On Thu, Nov 17, 2016 at 7:33 AM, Viresh Kumar <viresh.kumar@xxxxxxxxxx> wrote:
> Hi Rafael,
>
> I still have few concerns that I would like to share ..
>
> On 16-11-16, 03:38, Rafael J. Wysocki wrote:
>> From: Rafael J. Wysocki <rafael.j.wysocki@xxxxxxxxx>
>>
>> The cpumask_test_cpu() check in cpufreq_cpu_get_raw() is sort of
>> pointless, because it may be racy with respect to CPU online/offline
>> which sets/clears the policy->cpus mask.
>>
>> Some of the races resulting from that are benign (worst case, stale
>> values may be returned from some sysfs attribute for a relatively
>> short period), but some of them may lead to invocations of low-level
>> cpufreq driver callbacks for offline CPUs which is not guaranteed to
>> work in general.
>>
>> For this reason, move the cpumask_test_cpu() check away from
>> cpufreq_cpu_get_raw() and reserve it for the ondemand governor,
>> which calls it for online CPUs only and with CPU online/offline
>> locked anyway, and make the other callers of it use the per-CPU
>> variable whose value is returned by it directly.
>>
>> With that, add the cpumask_test_cpu() check to cpufreq_generic_get()
>> to preserve its current behavior for offline CPUs and to the callers
>> of cpufreq_cpu_get().
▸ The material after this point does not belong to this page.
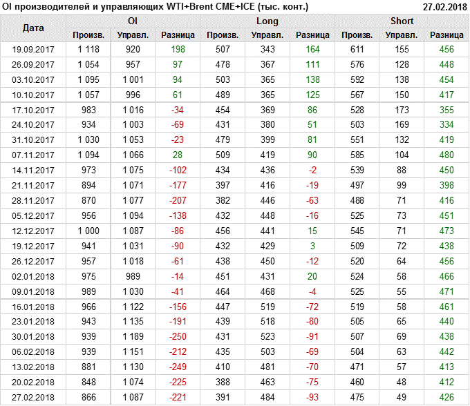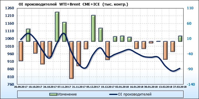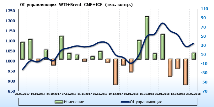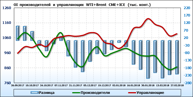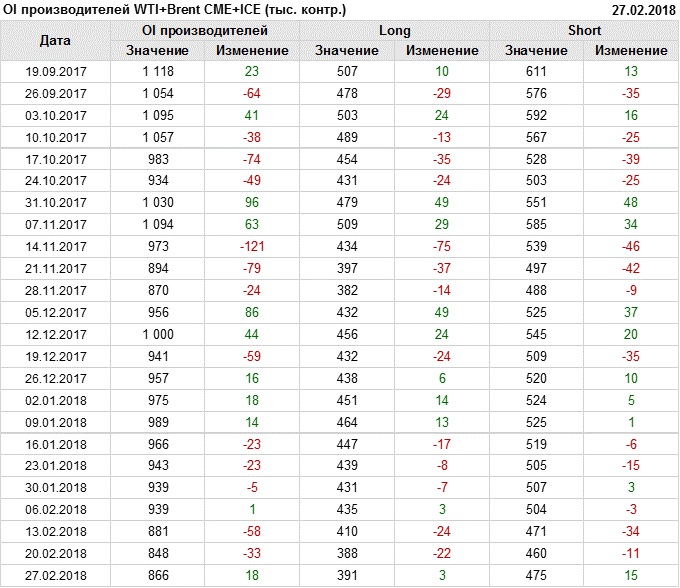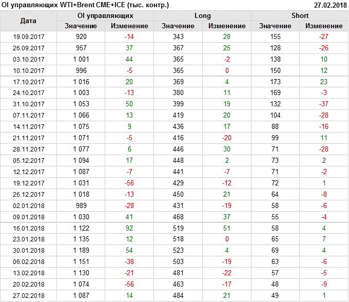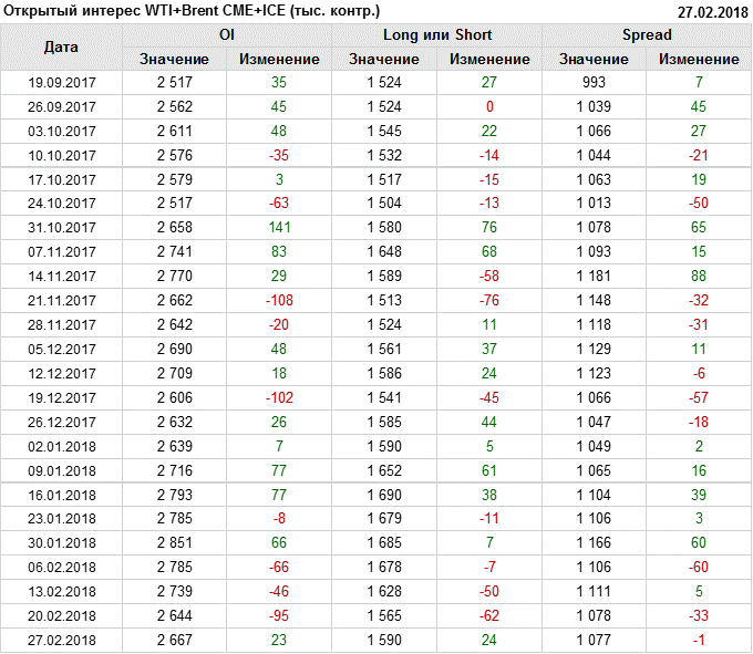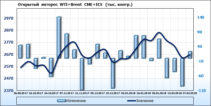 Отчет по открытому интересу. WTI+Brent. CME Group и ICE на 03.03.2018.

There, in the cases when the races might
>> lead to invocations of driver callbacks for offline CPUs, put it
>> under policy->rwsem.
>>
>> Signed-off-by: Rafael J. Wysocki <rafael.j.wysocki@xxxxxxxxx>
>> ---
>>
>> -> v2:
>> * Modify the changelog to make it better explain what's going on.
>> * Add the missing cpumask_test_cpu() check to cpufreq_offline().
>>
>> ---
>> drivers/cpufreq/cpufreq.c | 52 ++++++++++++++++++++++++++++++++--------------
>> 1 file changed, 37 insertions(+), 15 deletions(-)
>>
>> Index: linux-pm/drivers/cpufreq/cpufreq.c
>> ===================================================================
>> --- linux-pm.orig/drivers/cpufreq/cpufreq.c
>> +++ linux-pm/drivers/cpufreq/cpufreq.c
>> @@ -65,6 +65,12 @@ static struct cpufreq_driver *cpufreq_dr
>> static DEFINE_PER_CPU(struct cpufreq_policy *, cpufreq_cpu_data);
>> static DEFINE_RWLOCK(cpufreq_driver_lock);
>>
>> +struct cpufreq_policy *cpufreq_cpu_get_raw(unsigned int cpu)
>> +{
>> + return per_cpu(cpufreq_cpu_data, cpu);
>> +}
>> +EXPORT_SYMBOL_GPL(cpufreq_cpu_get_raw);
>> +
>> /* Flag to suspend/resume CPUFreq governors */
>> static bool cpufreq_suspended;
>>
>> @@ -192,19 +198,12 @@ int cpufreq_generic_init(struct cpufreq_
>> }
>> EXPORT_SYMBOL_GPL(cpufreq_generic_init);
>>
>> -struct cpufreq_policy *cpufreq_cpu_get_raw(unsigned int cpu)
>> -{
>> - struct cpufreq_policy *policy = per_cpu(cpufreq_cpu_data, cpu);
>> -
>> - return policy && cpumask_test_cpu(cpu, policy->cpus) ? policy : NULL;
>> -}
>> -EXPORT_SYMBOL_GPL(cpufreq_cpu_get_raw);
>> -
>> unsigned int cpufreq_generic_get(unsigned int cpu)
>> {
>> - struct cpufreq_policy *policy = cpufreq_cpu_get_raw(cpu);
>> + struct cpufreq_policy *policy = per_cpu(cpufreq_cpu_data, cpu);
>>
>> - if (!policy || IS_ERR(policy->clk)) {
>> + if (!policy || !cpumask_test_cpu(cpu, policy->cpus) ||
>> + IS_ERR(policy->clk)) {
>> pr_err("%s: No %s associated to cpu: %d\n",
>> __func__, policy ? "clk" : "policy", cpu);
>> return 0;
>> @@ -240,7 +239,7 @@ struct cpufreq_policy *cpufreq_cpu_get(u
>>
>> if (cpufreq_driver) {
>> /* get the CPU */
>> - policy = cpufreq_cpu_get_raw(cpu);
>> + policy = per_cpu(cpufreq_cpu_data, cpu);
>
> There are many other users of cpufreq_cpu_get() outside of cpufreq
> core which aren't updated in this patch.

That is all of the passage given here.